Start of Input data

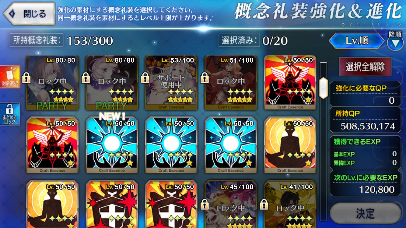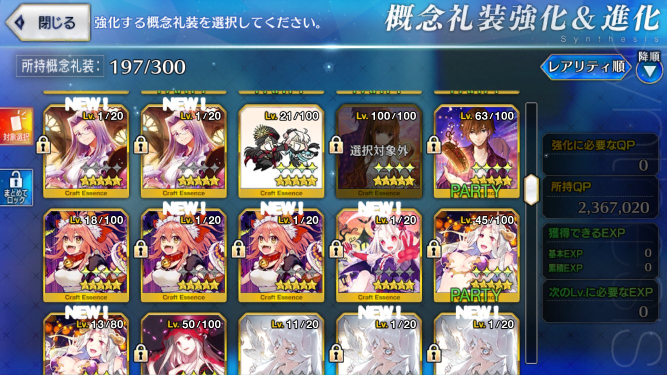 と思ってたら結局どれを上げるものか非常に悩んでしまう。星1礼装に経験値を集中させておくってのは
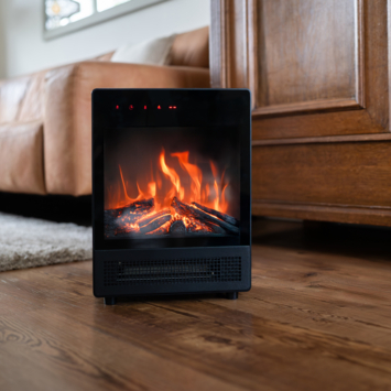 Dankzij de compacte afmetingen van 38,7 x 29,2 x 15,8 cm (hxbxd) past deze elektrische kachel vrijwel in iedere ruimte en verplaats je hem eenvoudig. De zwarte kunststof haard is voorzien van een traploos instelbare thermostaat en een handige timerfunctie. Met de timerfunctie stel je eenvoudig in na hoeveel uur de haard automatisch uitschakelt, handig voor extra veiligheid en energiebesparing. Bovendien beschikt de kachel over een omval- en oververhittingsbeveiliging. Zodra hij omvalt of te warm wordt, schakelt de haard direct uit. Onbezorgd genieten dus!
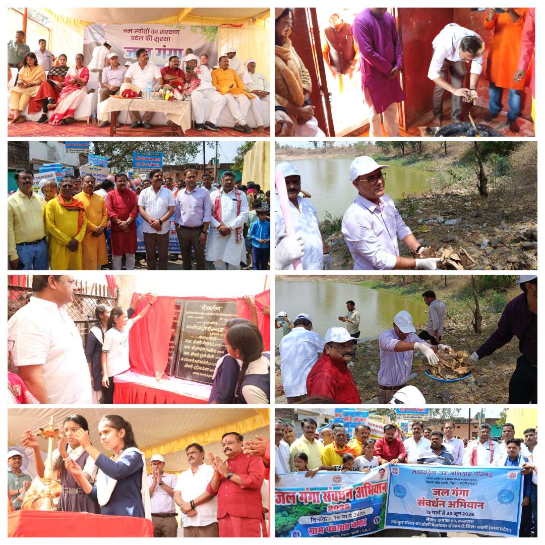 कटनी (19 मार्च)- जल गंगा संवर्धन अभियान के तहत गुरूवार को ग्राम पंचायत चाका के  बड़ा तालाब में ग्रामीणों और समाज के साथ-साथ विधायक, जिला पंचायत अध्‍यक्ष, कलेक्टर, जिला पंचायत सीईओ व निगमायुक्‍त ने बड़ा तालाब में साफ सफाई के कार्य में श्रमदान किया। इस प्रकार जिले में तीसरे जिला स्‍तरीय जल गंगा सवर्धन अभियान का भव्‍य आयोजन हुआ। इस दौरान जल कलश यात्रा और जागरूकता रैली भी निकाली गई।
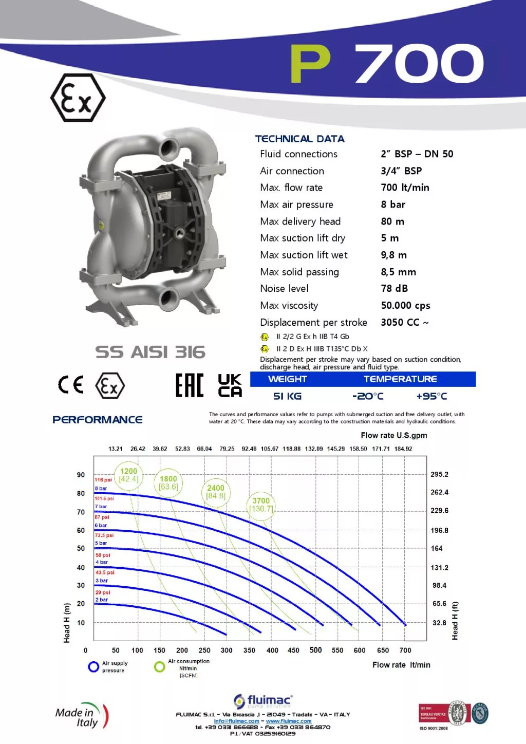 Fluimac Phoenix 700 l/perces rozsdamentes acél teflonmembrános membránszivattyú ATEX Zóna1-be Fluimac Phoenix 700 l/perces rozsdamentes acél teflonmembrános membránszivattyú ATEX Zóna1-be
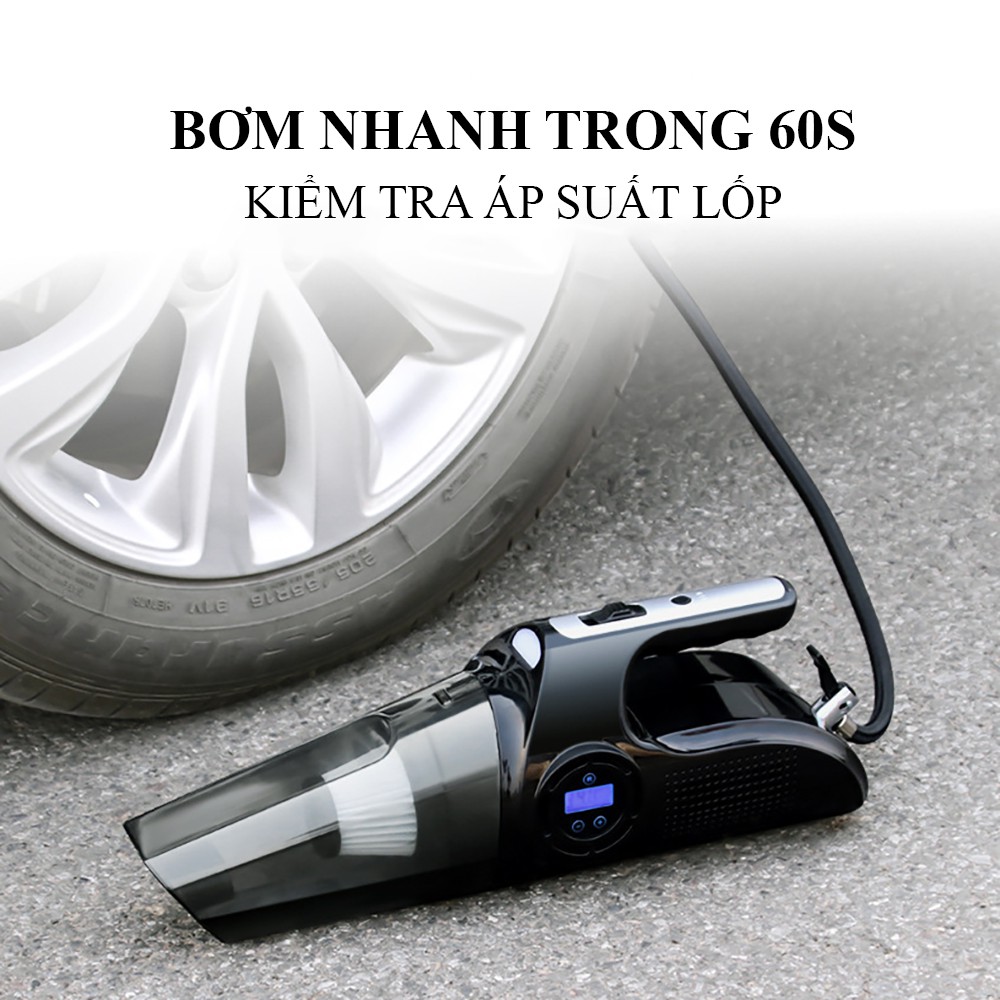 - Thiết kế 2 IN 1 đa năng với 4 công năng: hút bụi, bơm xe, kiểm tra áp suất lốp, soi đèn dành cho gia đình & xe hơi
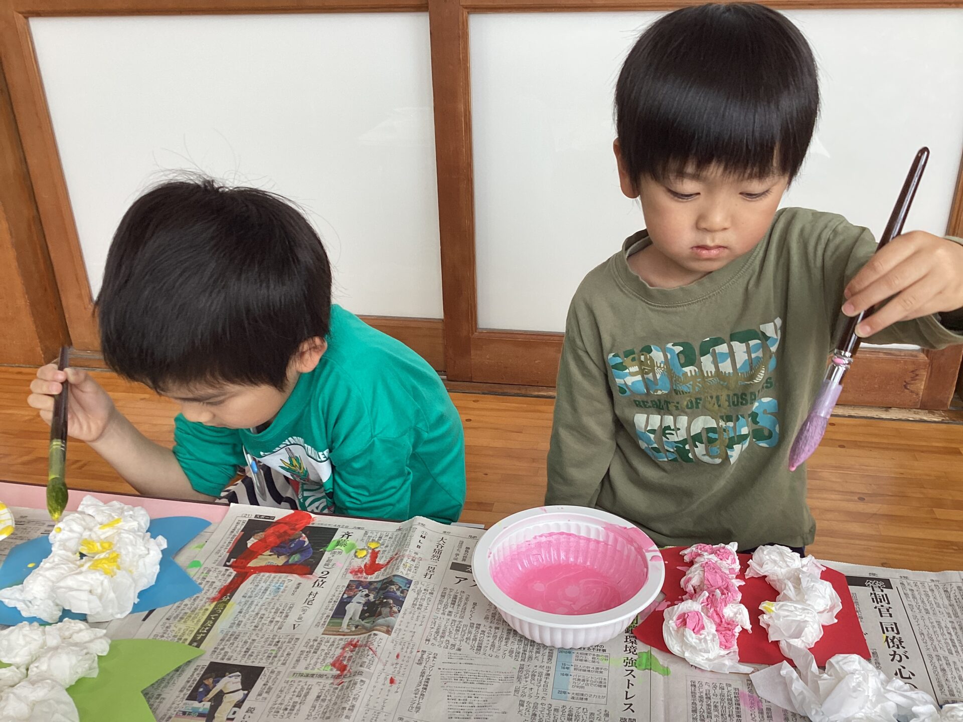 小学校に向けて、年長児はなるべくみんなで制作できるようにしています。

End of Input data
Start of Input data

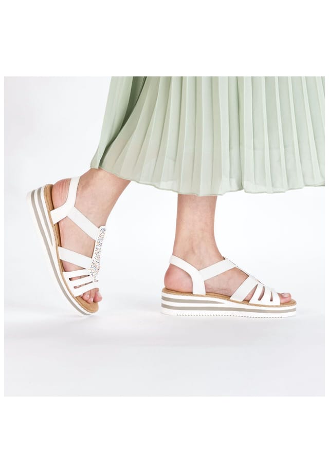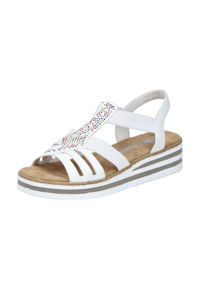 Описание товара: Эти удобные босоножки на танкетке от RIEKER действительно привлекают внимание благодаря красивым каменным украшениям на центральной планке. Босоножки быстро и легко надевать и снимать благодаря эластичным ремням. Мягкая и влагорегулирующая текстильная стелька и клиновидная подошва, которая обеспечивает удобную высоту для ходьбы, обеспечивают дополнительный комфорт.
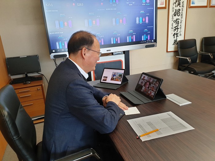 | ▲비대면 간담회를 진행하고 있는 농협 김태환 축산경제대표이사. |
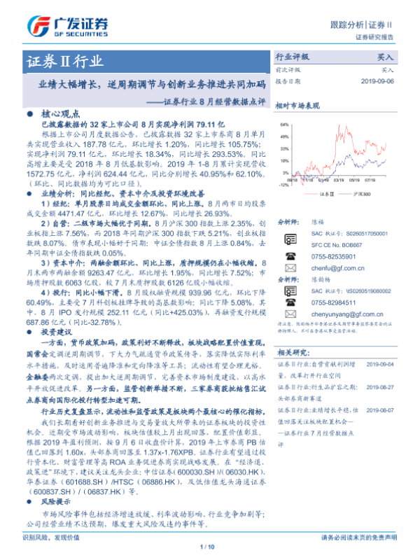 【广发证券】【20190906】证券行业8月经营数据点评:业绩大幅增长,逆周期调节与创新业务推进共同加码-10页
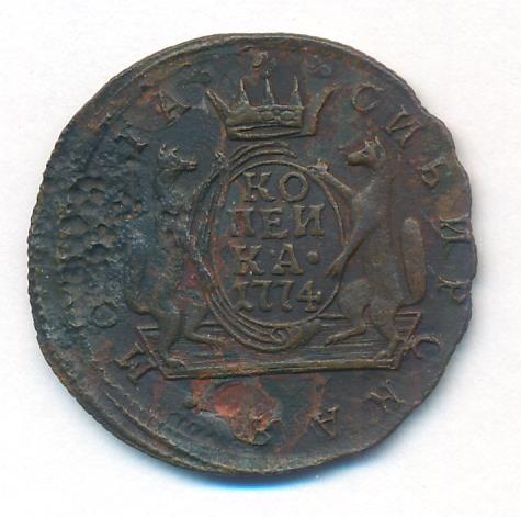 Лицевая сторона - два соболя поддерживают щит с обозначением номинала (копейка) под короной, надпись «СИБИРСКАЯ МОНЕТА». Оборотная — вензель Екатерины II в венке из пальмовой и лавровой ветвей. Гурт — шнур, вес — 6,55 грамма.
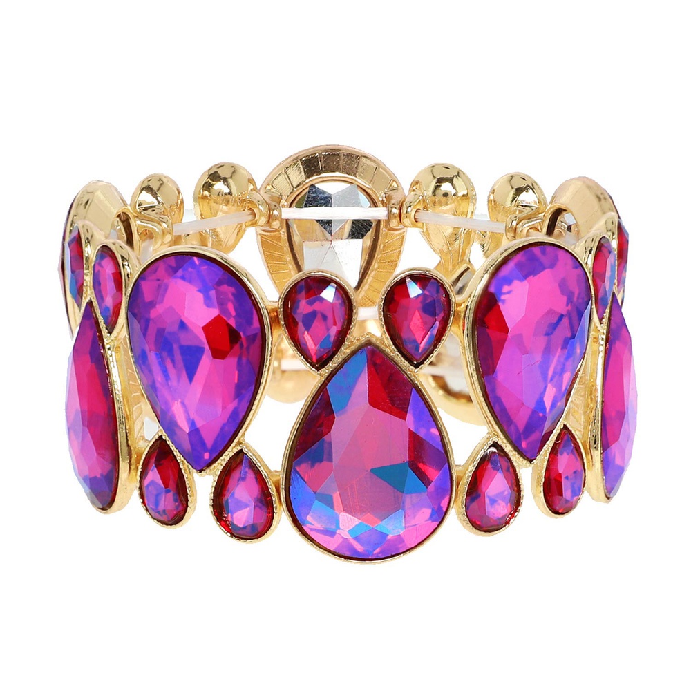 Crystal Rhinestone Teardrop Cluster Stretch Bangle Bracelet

End of Input data
Start of Input data

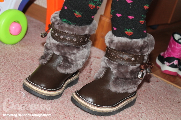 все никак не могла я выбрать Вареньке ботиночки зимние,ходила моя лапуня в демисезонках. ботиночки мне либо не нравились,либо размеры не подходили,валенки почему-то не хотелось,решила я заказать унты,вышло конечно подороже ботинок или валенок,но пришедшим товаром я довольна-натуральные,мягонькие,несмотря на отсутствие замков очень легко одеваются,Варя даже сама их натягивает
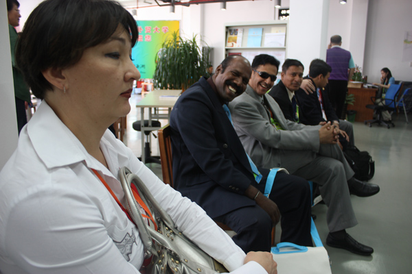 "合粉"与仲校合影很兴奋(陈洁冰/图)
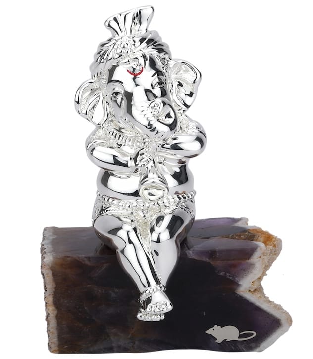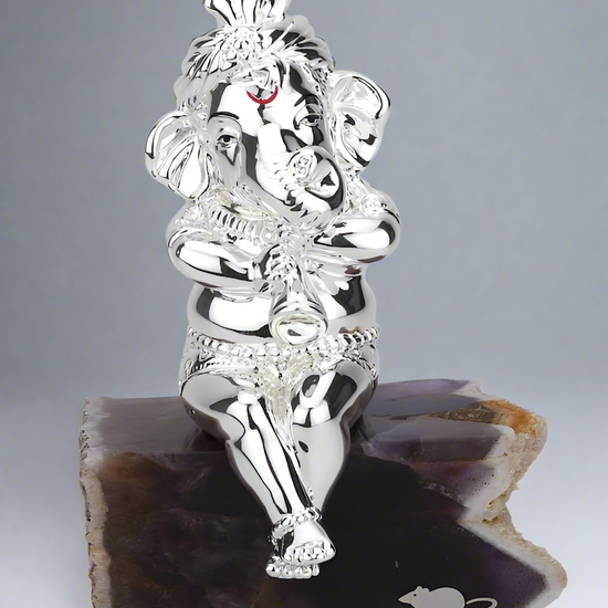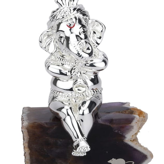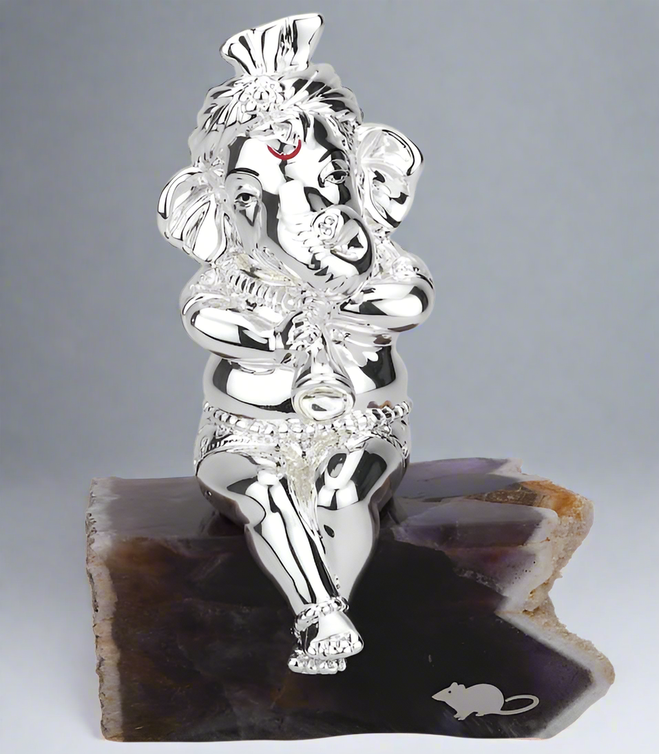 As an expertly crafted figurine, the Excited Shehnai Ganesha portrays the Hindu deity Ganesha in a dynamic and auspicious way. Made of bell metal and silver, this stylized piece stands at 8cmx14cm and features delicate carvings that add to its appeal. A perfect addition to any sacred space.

End of Input data

Write out word for word the lines of the listing above from the line with "김태환 축산경제대표이사. |" to the line with "Crystal Rhinestone Teardrop", taking in both of those lines but no pictures.

 | ▲비대면 간담회를 진행하고 있는 농협 김태환 축산경제대표이사. |
 【广发证券】【20190906】证券行业8月经营数据点评:业绩大幅增长,逆周期调节与创新业务推进共同加码-10页
 Лицевая сторона - два соболя поддерживают щит с обозначением номинала (копейка) под короной, надпись «СИБИРСКАЯ МОНЕТА». Оборотная — вензель Екатерины II в венке из пальмовой и лавровой ветвей. Гурт — шнур, вес — 6,55 грамма.
 Crystal Rhinestone Teardrop Cluster Stretch Bangle Bracelet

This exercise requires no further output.